Selon France Compétences, sept masters en terminologie étaient inscrits au RNCP en 2025. L’offre reste concentrée. Un diplôme d’ingénieur en informatique linguistique (ex. Université de Strasbourg, Grenoble INP) peut aussi mener au métier, avec un complément en linguistique. Les formations continues certifiantes (type CNAM ou AFNOR) attirent des professionnels de la traduction et de la documentation technique. Pour 2026, l’intégration de modules sur l’IA générative et la gestion de corpus multimodaux devient un critère de sélection des cursus.
Diplômes et certifications enregistrés au RNCP (niveaux 3 à 8)
Les diplômes français sont classés par niveau selon le cadre national des certifications professionnelles.
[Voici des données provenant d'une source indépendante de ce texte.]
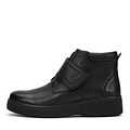 Теплые черные ботинки в стиле ретро. Верх выполнен из текстурированной натуральной кожи, которая обеспечивает оптимальную защиты от ветра и влаги. Модель оснащена молнией и застежкой велькро для плотной фиксации пары. Подкладка и стелька утеплены плотно набитым мехом. Высокая резиновая подошва отличается надежной защитой от холода и устойчивостью на любой поверхности.
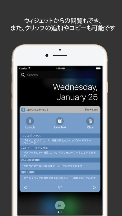 搭載されているウィジェット機能を活用することで、いつでも保存した文章の入力が可能になります。また、文章の他にも、スマートフォンで撮影した写真などを保存できる画像クリップ機能を搭載しています。
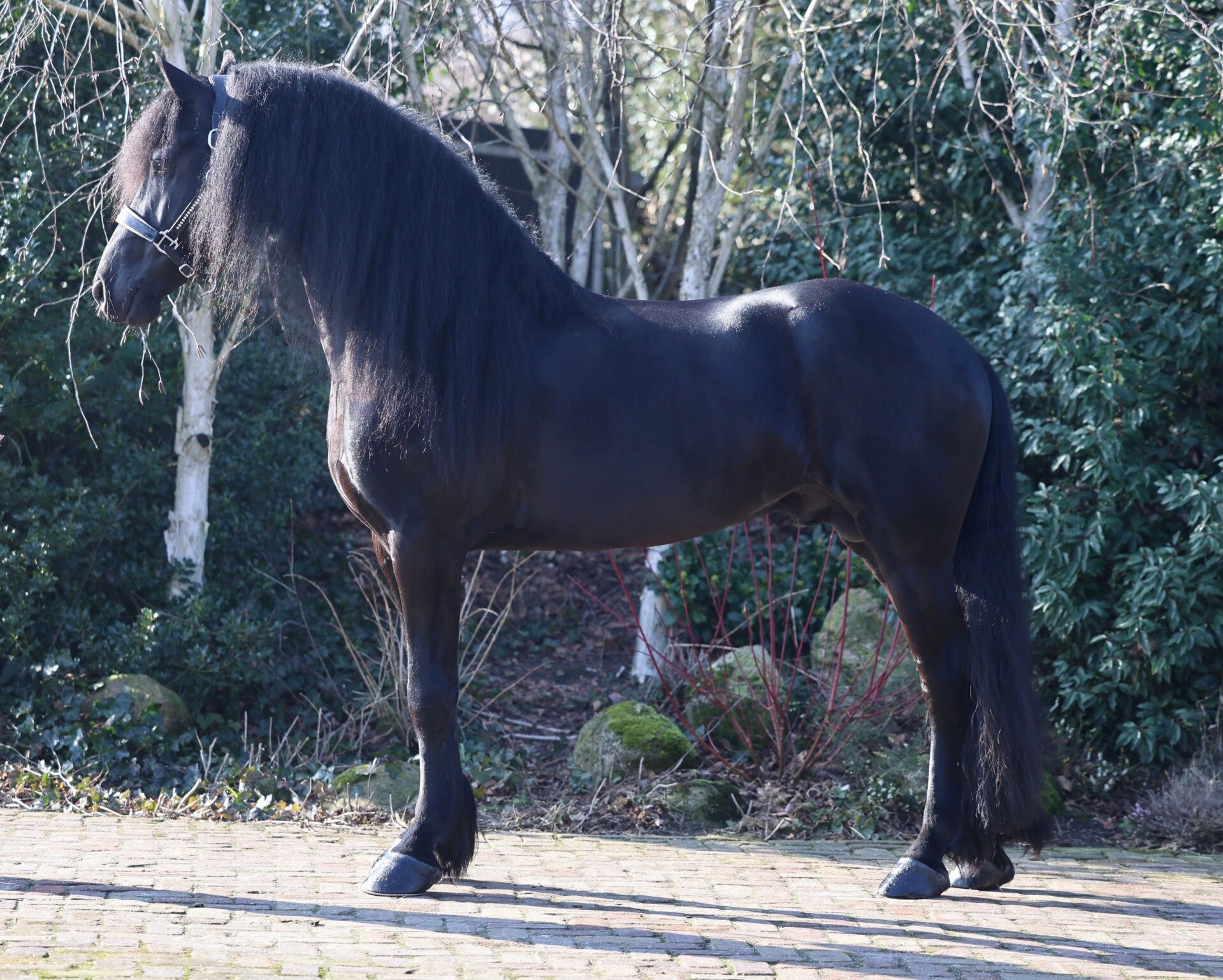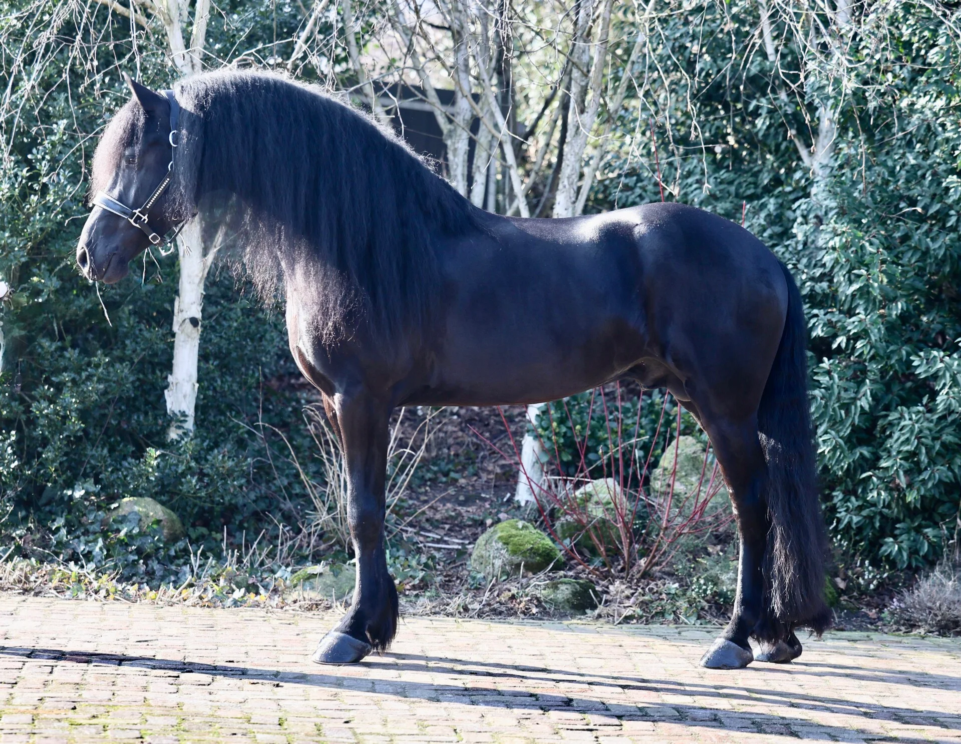 Johnnie Walker is a high-quality Friesian horse for sale, combining power, elegance and excellent rideability.

Le tableau ci‑dessous liste les certifications accessibles pour devenir terminologue, d’après le répertoire de France Compétences (consultation mars 2026). Sont exclus les titres non spécifiques (ex. master en traduction sans spécialité terminologie).
| Intitulé du diplôme / certification | Niveau RNCP | Organisme délivreur | Inscription au RNCP |
|---|---|---|---|
| Master mention Traduction et Interprétation – parcours Terminologie et Terminographie | 7 | Université d’Artois | Oui (Fiche n° 34567) |
| Master Industries de la langue, parcours Traitement automatique des langues | 7 | Inalco | Oui (Fiche n° 35123) |
| Master Traduction spécialisée et terminologie | 7 | Université Jean Moulin Lyon 3 | Oui (Fiche n° 35200) |
| Diplôme d’ingénieur en informatique linguistique (parcours TAL) | 7 | Grenoble INP – ENSIMAG | Oui (Fiche n° 34001) |
| Titre de “Spécialiste en gestion terminologique et localisation” | 6 (Bac+3) | CNAM (École des langues) | En cours d’instruction (octobre 2025) |
| Certificat de compétences “Terminologue numérique” | 6 | AFNOR (certification professionnelle enregistrée de droit) | Non (certification non RNCP mais reconnue par le réseau IESF) |
Seuls les deux premiers masters figurent au RNCP avec une fiche active en 2026. Le titre du CNAM n’est pas encore homologué. Pour toute vérification d’éligibilité au CPF, il faut consulter la fiche du diplôme sur moncompteformation.gouv.fr. L’APEC précise que les recruteurs demandent souvent un bac+5 en langues ou en informatique linguistique.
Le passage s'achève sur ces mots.